Both fortress and temple, these spectacular Inca ruins rise above Ollantaytambo, making a splendid half-day trip. (Admission is via the boleto turístico tourist card, valid for 10 days and for 16 other sites across the region.)
The huge, steep terraces that guard Ollantaytambo’s spectacular Inca ruins mark one of the few places where the Spanish conquistadors lost a major battle.
The rebellious Manco Inca had retreated to this fortress after his defeat at Sacsaywamán. In 1536, Hernando Pizarro, Francisco’s younger half-brother, led a force of 70 cavalrymen to Ollantaytambo, supported by large numbers of indigenous and Spanish foot soldiers, in an attempt to capture Manco Inca.
The conquistadors, showered with arrows, spears and boulders from atop the steep terracing, were unable to climb to the fortress. In a brilliant move, Manco Inca flooded the plain below the fortress through previously prepared channels. With Spaniards’ horses bogged down in the water, Pizarro ordered a hasty retreat, chased down by thousands of Manco Inca’s victorious soldiers.
Yet the Inca victory would be short lived. Spanish forces soon returned with a quadrupled cavalry force and Manco fled to his jungle stronghold in Vilcabamba.

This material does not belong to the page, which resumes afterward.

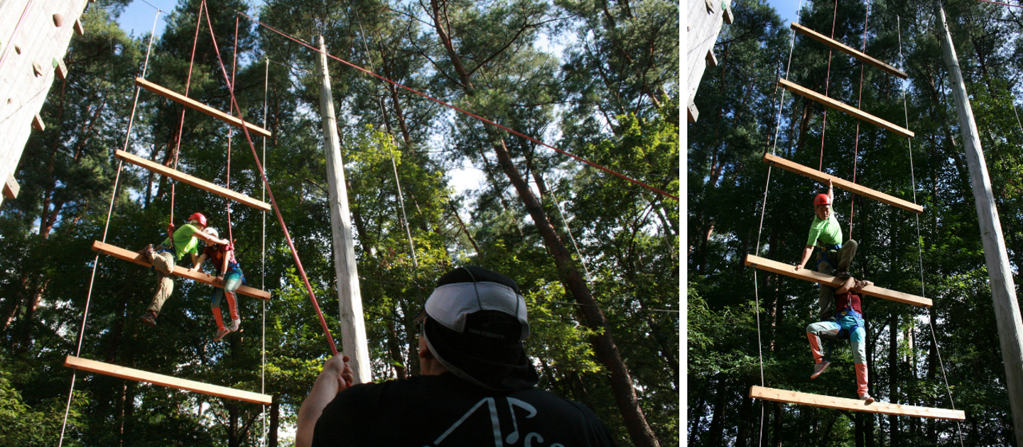 グループのある女性と「巨人の縄ばしご」というエレメントに挑戦しました。大きな縄ばしごを2人で登っていくのですが、相手のちからを借りなければ登っていけないんです。

Though Ollantaytambo was a highly effective fortress, it also served as a temple. A finely worked ceremonial center is at the top of the terracing. Some extremely well-built walls were under construction at the time of the conquest and have never been completed. The stone was quarried from the mountainside 6km away, high above the opposite bank of the Río Urubamba. Transporting the huge stone blocks to the site was a stupendous feat. The Incas’ crafty technique to move massive blocks across the river meant carting the blocks to the riverside then diverting the entire river channel around them.

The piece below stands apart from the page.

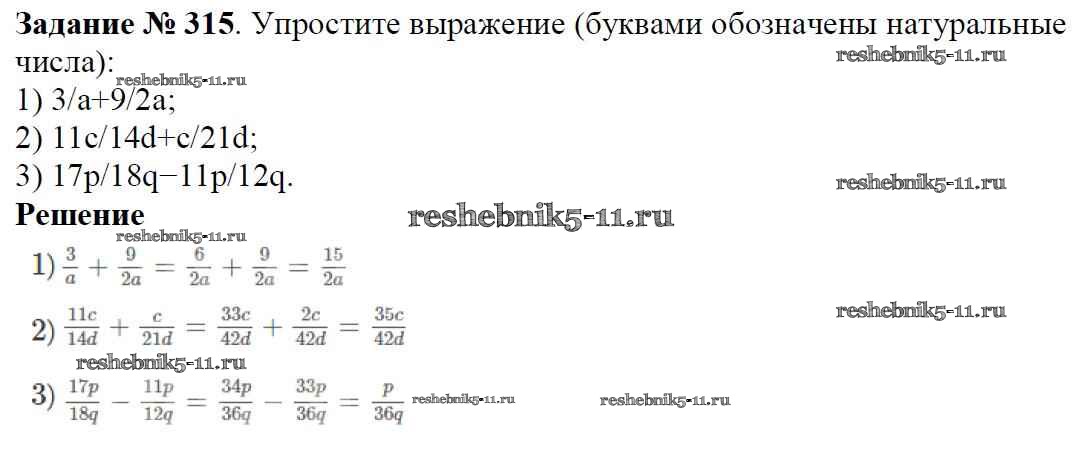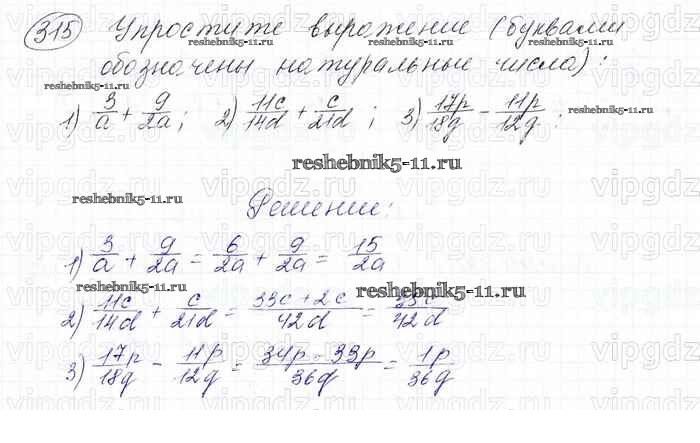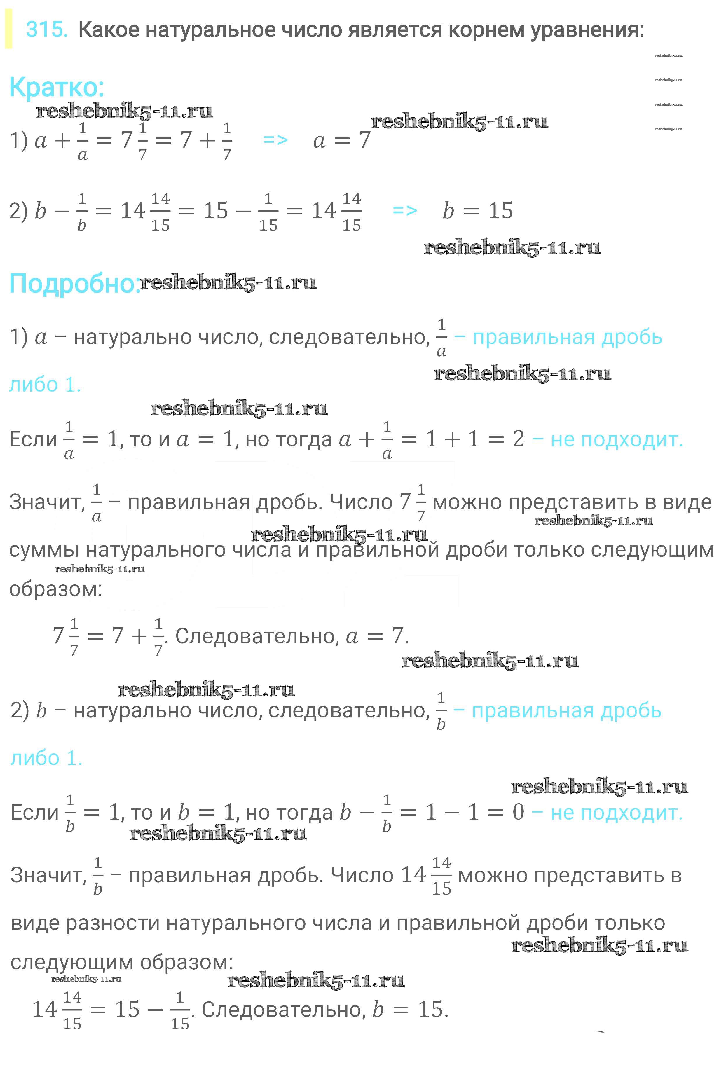 Готовая домашняя работа с ответами по Математике за 6 класс Мерзляк, Полонский, Якир Учебник Алгоритм успеха Вентана-граф 2016 ФГОС - Глава 2. Обыкновенные дроби (упражнения) 315

The 6km hike to the Inca quarry on the opposite side of the river is a good walk from Ollantaytambo. The trail starts from the Inca bridge by the entrance to the village. It takes a few hours to reach the site, passing several abandoned blocks known as piedras cansadas – tired stones. Looking back towards Ollantaytambo, you can see the enigmatic optical illusion of a pyramid in the fields and walls in front of the fortress. A few scholars believe this marks the legendary place where the original Incas first emerged from the earth.